The FCC Enforcement Bureau came down hard on two radio amateurs this week, proposing substantial fines for alleged deliberate interference to other Amateur Radio communications — in one case by transmitting music and animal noises — and failure to properly identify. In similar Notices of Apparent Liability for Forfeiture (NALs) released July 22, the Commission proposed fining Michael Guernsey, KZ8O (ex-ND8V), of Parchment, Michigan, $22,000, and Brian Crow, K3VR, of North Huntingdon, Pennsylvania, $11,500. In both cases, the FCC said the evidence indicated that the transmissions at issue were aimed at interfering with other radio amateurs with whom each “has had a long-standing and well-documented dispute” that had spilled out onto the air.

The FCC in both instances responded last March to “several complaints of intentional interference” on 14.313 MHz. Commission agents used radio direction-finding techniques to pin down the source of the transmissions. According to the NAL issued to Guernsey, the FCC agents monitored transmissions from his station for approximately 40 minutes on March 7, 2014, “and heard him transmit a pre-recorded song and various animal noises on the frequency.”

According to the NAL issued to Crow, FCC agents monitored transmissions from his station for approximately 3 hours on the morning of March 14, 2014, and heard him transmit slow-scan television (SSTV) signals and “a pre-recorded voice transmission of another amateur station on the frequency.”

“These transmissions prevented other amateur licensees from communicating over the frequency,” the NALs said, adding that neither Guernsey or Crow transmitted their assigned call signs while the agents were listening.

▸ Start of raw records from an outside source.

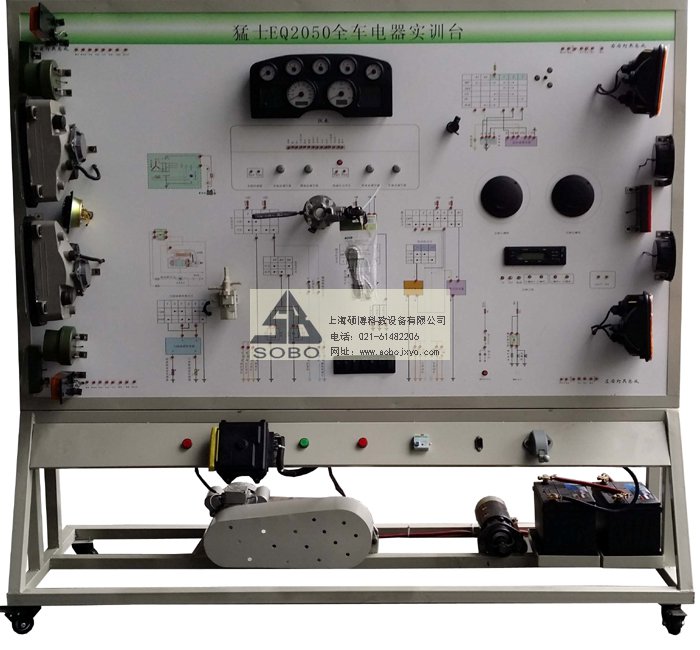 該設備采用全新EQ2050整車電器實物為基礎,充分展示 柴油機汽車儀表系統、燈光系統、雨刮系統、喇叭系統、發動機電器系統、起動系統和充電系統等汽車電器各系統的組成結構和工作過程。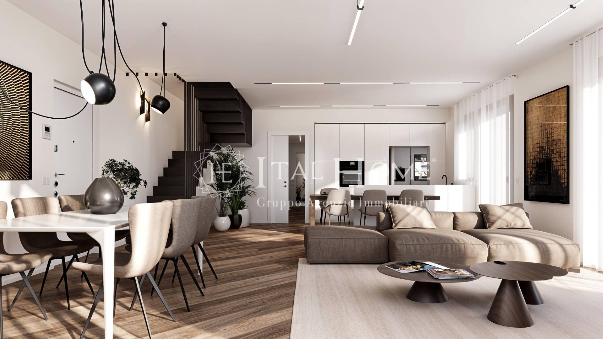 L'attico si dispone nel seguente modo: 170 mq, cosi suddivisi: Ingresso, Grandissimo Soggiorno con meravigliosa vetrata che da accesso alla terrazza stellare, che abbraccia su 2 lati l'immobile, Sala Pranzo, Cucina con isola molto spaziosa e luminosa ( tutta la zona giorno, ovvero cucina-sala pranzo-soggiorno hanno vista, da cartolina, sulla storica e magnifica Città Alta), Camera da letto matrimoniale, con proprio bagno finestrato, seconda camera da letto matrimoniale, con bagno privato finestrato e terrazza privata, (possibilità vasca jacuzzi/idromassaggio), studio finestrato, due cabine armadio Men/Woman, dalla zona giorno, con una maestosa scala di design, a vista, si accede allo "Skyline Suite", dove si contraddistingue per la sua incantevole vista su tutta la città e città alta, travi a vista in legno e terrazza con possibilità di zona solarium.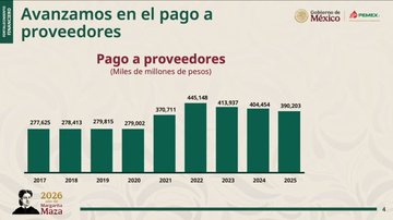 Como parte de esta estrategia, Pemex implementó un programa de financiamiento coordinado con Banobras y la Secretaría de Hacienda, mediante el cual se pagaron alrededor de 390 mil millones de pesos a proveedores durante el segundo semestre de 2025.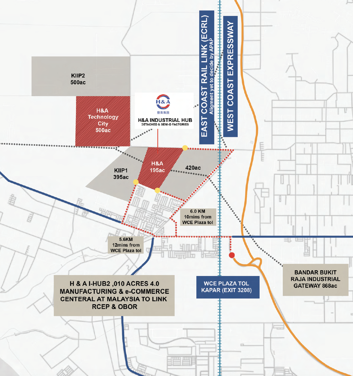 With a 2010-acre industrial estate spread, H&A Industrial Hub is becoming one of the most popular e-commerce sites in Malaysia to build a business. Apart from its strategic location connecting Kuantan and Port Klang, and from there to the Greater Klang Valley, KLIA and Ipoh, as well as ECRL (EastCoast Rail Link) and OBOR (Belt and Road).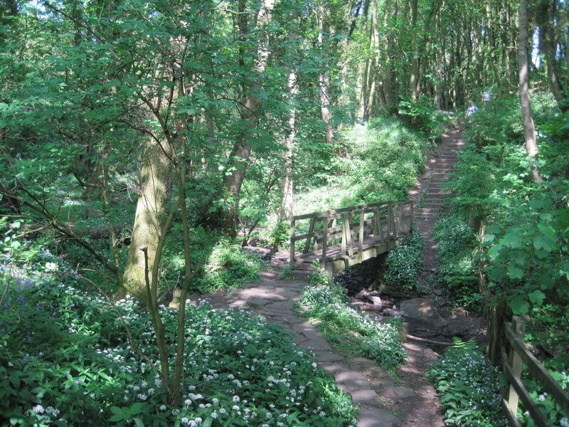 Fairy Glen is a narrow wooded valley carved by Dean Brook, offering a short but atmospheric circular route. The path follows the stream through dense woodland with small waterfalls and stepping stones.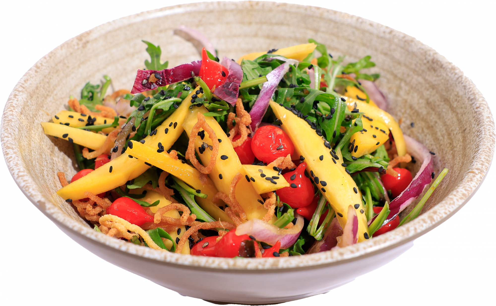 Mango slices + roquito peppers + red onion + black onion seeds + crunchy fried soba noodles + rocket + Thai mango salad dressing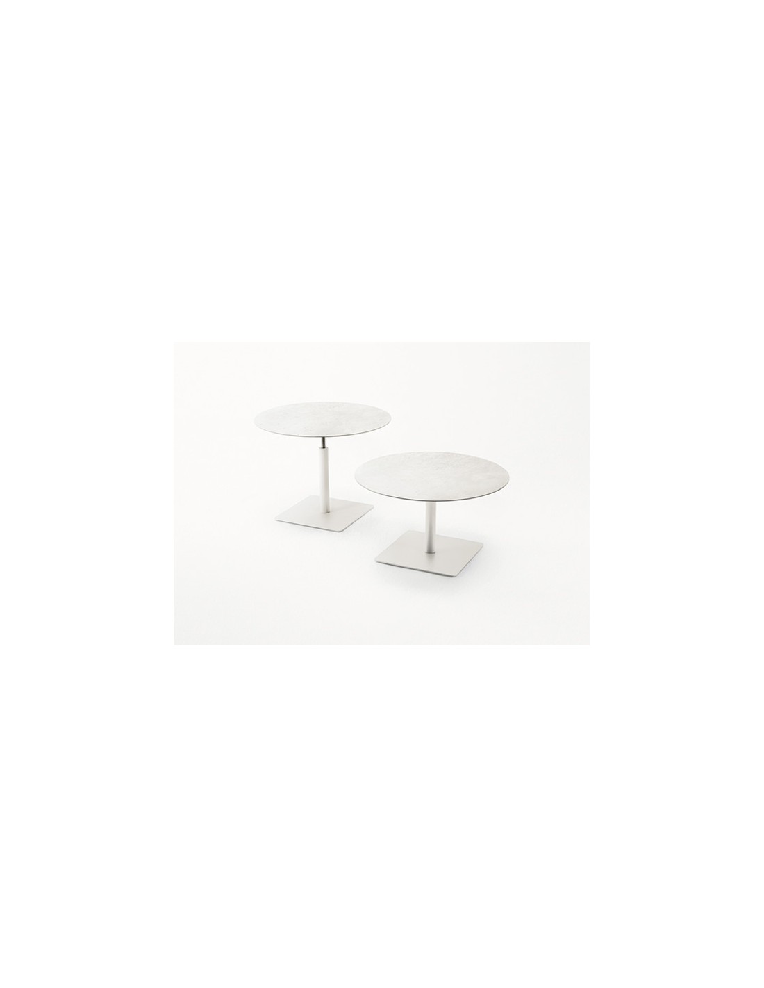 Paola LentiTavoli con piano regolabile in altezza (B58A) o fisso (B58E e B58F). La serie Giro comprende anche tavolini disponibili nelle stesse finiture. Base: alluminio verniciato opaco n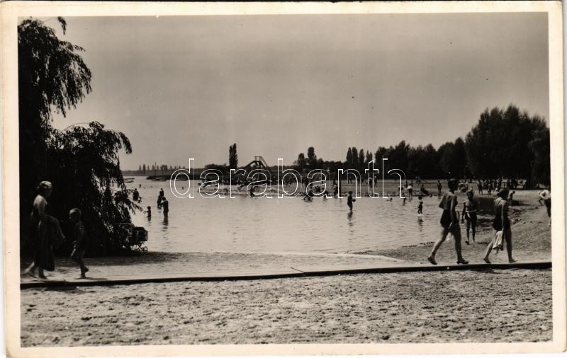 Beschreibung: Keszthely, Strand, fürdőzők

The FCC agents later the same day visited Crow’s residence and asked to inspect his station, which they confirmed was capable of operating on 14.313 MHz. Crow denied operating his station that morning, however, and claimed that he was not at home when the interfering transmissions occurred.

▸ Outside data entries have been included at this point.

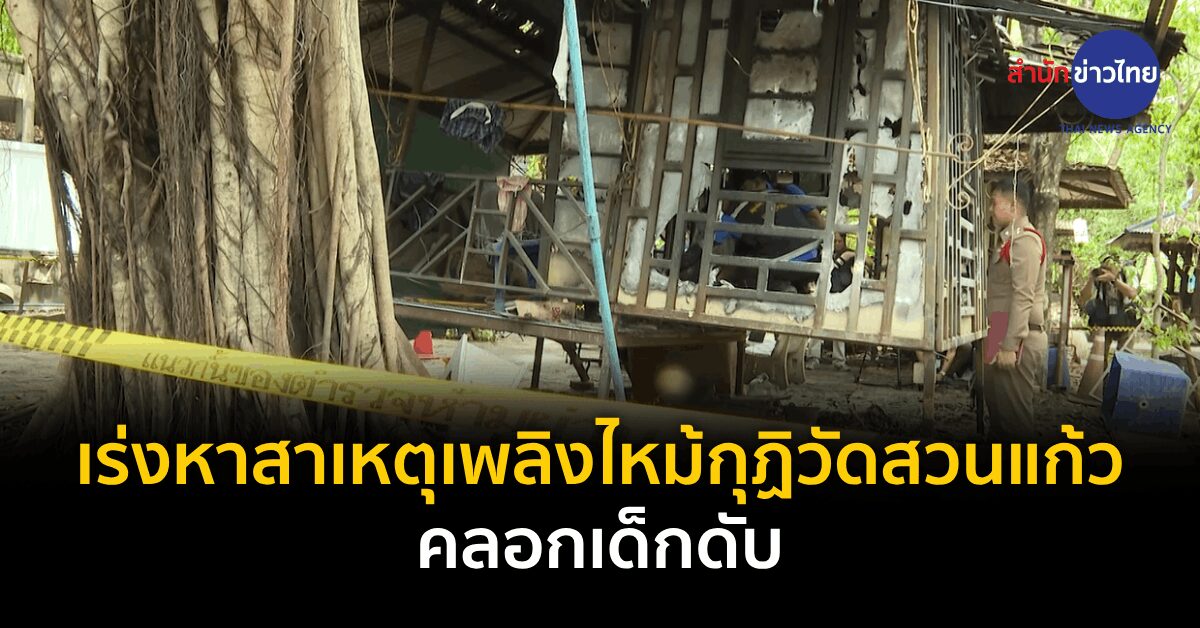นนทบุรี 23 พ.ค. – ตำรวจเร่งหาสาเหตุเพลิงไหม้กุฏิวัดสวนแก้ว จ.นนทบุรี เมื่อคืนที่ผ่านมา ทำให้เด็กชาย 3 คน เสียชีวิต เบื้องต้นคาดไฟฟ้าลัดวงจร ด้าน “พระพยอม” เผยเป็นครั้งแรกที่เกิดเหตุสลดขึ้นในวัด ยืนยันประตูกุฏิไม่ได้ล็อก.-สำนักข่าวไทย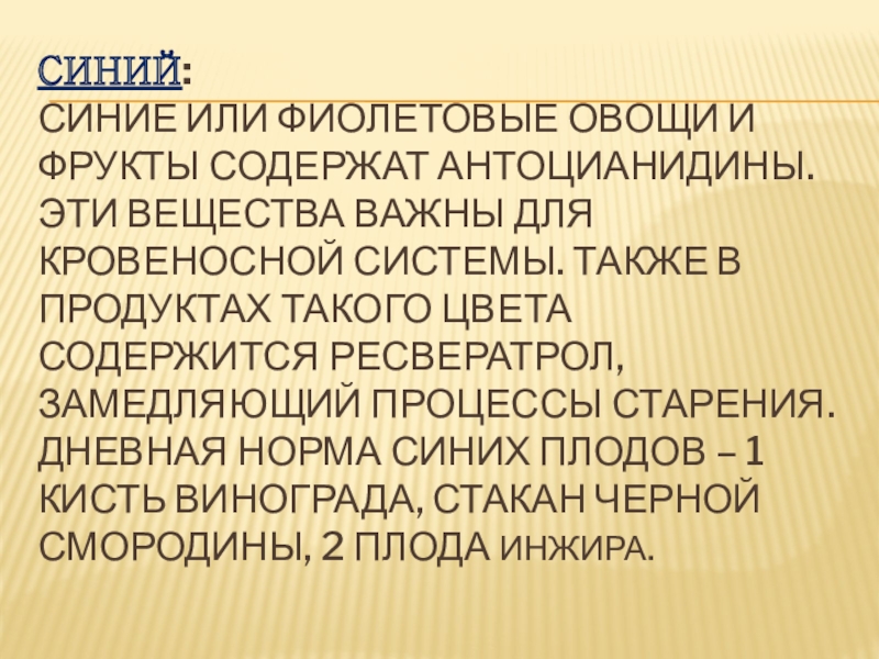 важны для кровеносной системы. Также в продуктах такого цвета содержится ресвератрол, замедляющий процессы старения. Дневная норма синих плодов – 1 кисть винограда, стакан черной смородины, 2 плода инжира.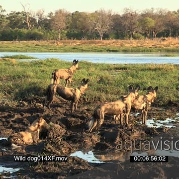 A pack of wild dogs watching out for prey in the Okavango Delta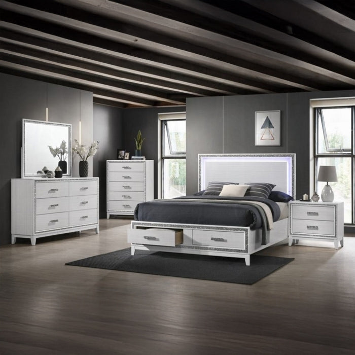 The Haiden EK Bed with LED lighting and built-in storage blends a timeless silhouette with modern functionality. Designed for bedrooms that value clean lines and practical storage, it features an LED-lit headboard and a storage footboard. A shimmering silver accent trim adds a touch of glamour without overpowering the room.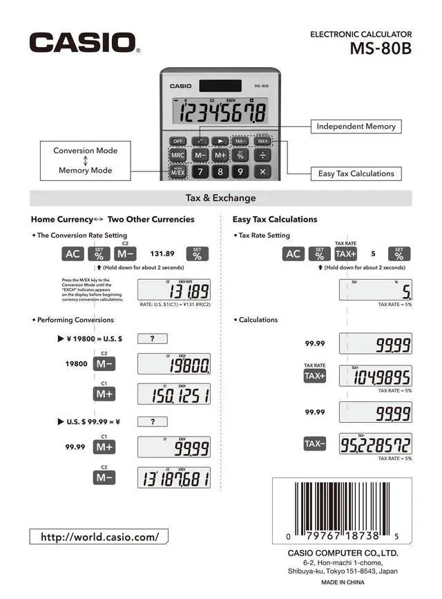 The MS-80B Portable Desktop is one of the top selling calculators in the USA. This easy to use calculator takes up little space on your desktop and fits easily into your briefcase or desk drawer. Easy to read large 8 digit display.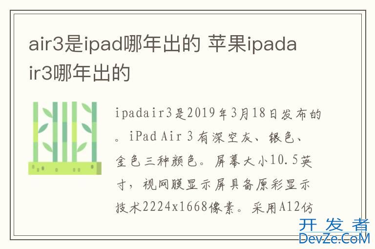 品牌型号:iPad air Air 3 系统:iPad airOS 15.4iPad air Air 3是201开发者_如何转开发9年3月18日发布的。iPad air Air 3 有深空灰、银色、金

The Enforcement Bureau has warned both Guernsey and Crow in the past regarding interference to other Amateur Radio operators. In Crow’s case, the FCC said the fact that he subsequently interfered with other amateur operators “demonstrates a deliberate disregard for the Commission’s authority,” and warranted an upward adjustment of $3500 to his proposed base forfeiture. Guernsey first came to the Enforcement Bureau’s attention in the late 1990s and, the FCC said in the NAL, “has a history of causing interference to the communications of other Amateur Radio operators and has been warned repeatedly in writing.” Guernsey’s lengthy history with the Commission warranted an upward adjustment of $14,000 to his proposed base forfeiture.

The Commission gave both licensees 30 days to pay their fines or to file written statements “seeking reduction or cancellation of the proposed forfeiture.”

The NALs to Guernsey and Crow came in the wake of a June 5 Notice of Violation (NoV) alleging that Thomas Ryan Price, W7WL, of Sweet Home, Oregon, caused malicious interference to other radio communications on 3908 kHz, transmitted music on the same frequency, and failed to properly identify. The FCC said issuance of the NoV “does not preclude the Enforcement Bureau from further action if warranted, including issuing a Notice of Apparent Liability for Forfeiture for the violations cited.”